Сходство прозы документальной и художественной бросается в глаза. Это и не удивительно, потому что корень и той и другой в личности автора, которая живет своими болевыми точками и распутывает одну нить — нить собственной жизни. Вот для сравнения с предыдущей цитатой внутренний монолог вполне вымышленного героя повести: «Теперь, когда он перестал заниматься математикой, он увидел, что ум его, которым он гордился, — уродливо однобок, а душа пуста. Он даже чувствовал себя глуповатым, прежнее его высокомерие к историкам, особенно к философам, стало стыдным. Он не представлял, как трудно размышлять о своей собственной жизни, о так называемой душе. Была ли она у него, что с ней, не усохла ли за ненадобностью? Господи, как заросло все внутри».
Герой Гранина не поэтизирует свою амнезию и сладкое беспамятство. В нем борются страх и потребность вспомнить. И еще: надежда на то, что в мире есть возмездие, а стало быть, есть и справедливость. Именно такая сложная, запутанная психологическая цепочка приводит его к философствованию. Вообще, благодаря единоборству с памятью, многие герои Гранина становятся философами поневоле. В какой-то момент жизненных перипетий и напряженного думанья они начинают напоминать стоиков. Это сказывается и в покорности судьбе, и в понимании, что жизнь ничем не обязана человеку и требовать можно только от себя, что никто не обязан нас любить и завоевать другого можно только «трудом своих чувств».
* * *
Не ко всякому писателю подходит определение «умный». Дело, разумеется, не в недостатке ума, а в том, что это определение представляется не слишком важным для него. Про Даниила Гранина хочется сказать, что это умный писатель.

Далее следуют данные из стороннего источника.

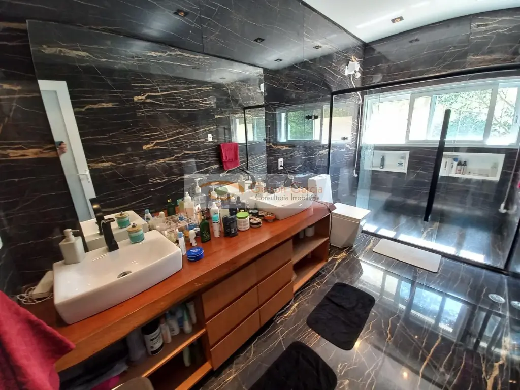 3. Nível Inferior (Lazer e Pet)Bem-estar: Sauna seca, lavabo e academia completa e espaçosa. Adega refrigerada ( visível pelo andar de cima ), ampla, funcional.Área Gourmet: Cozinha de apoio integrada à área da piscina. Piscina: Compacta, familiar, aquecida, com raia, em ambiente fechado.Academia: Compacta, montadinha, cujos equipamentos acompanharão a venda.Área Externa: Amplo quintal gramado em dois níveis (platôs). A parte traseira é cercada, possui canil e é ideal para cães de grande porte (área estimada entre 150m² a 170m²).Diferenciais Técnicos e AcabamentosMaterial: Uso extensivo de aço Corteen (portas), material nobre resistente à corrosão.Tecnologia: Sistema de aspiração central (vácuo) com pontos por toda a casa, ar-condicionado tipo Split em diversos pontos, persianas, varal e janelas de correr todos elétricos e funcionais. Esquadrias: Janelas de alumínio da marca Udinese, com acionamento elétrico via controle remoto.Estilo: Descrita como uma casa tecnológica, moderna e com acabamentos de luxo.Construção ROBUSTA, sem trincas ou vícios construtivos.
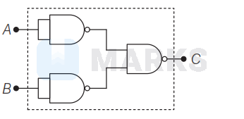 & C=\overline{\bar{A} \cdot \bar{B}}=\overline{\bar{A}}+\overline{\bar{B}} \quad[\because \overline{x \cdot y}=\bar{x}+\bar{y}] \\

Он строит сюжет, но ни на секунду не выпускает из внимания мысль. Плетет интригу, но не забывает о проблеме, которая легла в ее основу. Герои его не философы по призванию, но то и дело пускаются в философствование, вынужденное обстоятельствами, которые ставят их перед трудными вопросами. Их философия всегда включена в конкретные переживания, которые составляют материю как художественной прозы, так и эссеистики.
Говоря коротко: мы имеем дело с прозой напряженной мысли о человеке, которая запряжена в сюжет. Сюжет при этом держится за дерн времени, а мысль пытается вывести его на просторы общечеловеческих, горьких и часто неразрешимых раздумий.